I know that you’ve seen all the hype around AI and Machine Learning. It’s probably warranted. AI is in the process of making huge changes in how we work and live.

Recently, though, I saw a good reminder of how much that machine learning is still dependent on the proper inputs, and of course, that means someone giving the machine the proper data.

You may have seen a recent Washington Post story about Family Tree Now, a website that seems to crawl various public databases and grab all sorts of information about people, when they were born, where they lived, etc. Yeah, it’s creepy to think about all of that information being collected up for the world to look at, and the Post article focuses on letting us know how to “opt-out” of that site.

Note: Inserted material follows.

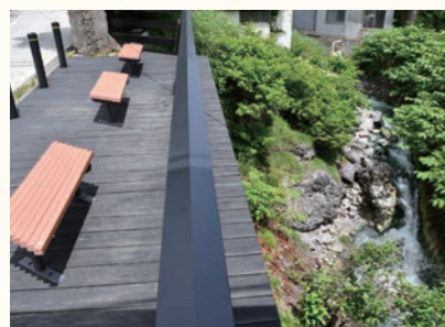
高湯通り酔川どんどんびき見晴台

Naturally, my wife and I decided to look ourselves up and see what the site knew about us, and clearly it had access to a lot of public records, it had a variety of address records going back years. Creepy? Sure. The site also had a list of possible relatives and associates, and that’s where someone seems to have made some poor choices when it came to inputs.

The first thing she noticed about her information was that the first possible relative listed, was my first wife. As you might imagine, she was not thrilled, or impressed with the AI. Clearly, Family Tree Now missed some public records, like my divorce! For myself, yeah my first wife was listed as a possible relative, as were her parents and siblings. Again, they missed a record, but fair enough. I also noticed a long list of potential associates, people who I had no connection to at all. Upon further inspection, I realized that much of that list seemed to be made up of people who lived at one of my former addresses, well after I had left. I’m not sure who decided that made for a potential associate.

In short, the technology to crawl through public records seems pretty decent, but maybe incomplete. The learning about what makes for a connection seems pretty illogical. But that all goes back to the programmers. The AI, I assume, was programmed to crawl, but someone didn’t include some records that would have made it clear that some family relationships had been annulled. It also used an overly simply logic to match up dates without looking at the end dates of residences. The machine knew that I lived somewhere in 1996-1997, and it knew I had a different address after that, it said so, but it was still looking at people from the same address 10 years later and assuming a connection. That’s a logical fallacy. The machine didn’t do that. 😉

Why is this important? Because whether you’re talking about Big Data analytics for business and marketing, or TAR in the eDiscovery industry, if the inputs and algorithms aren’t correct, you may end up with the wrong results. Don’t just assume the machine knows, make sure it’s measuring what you think it should be.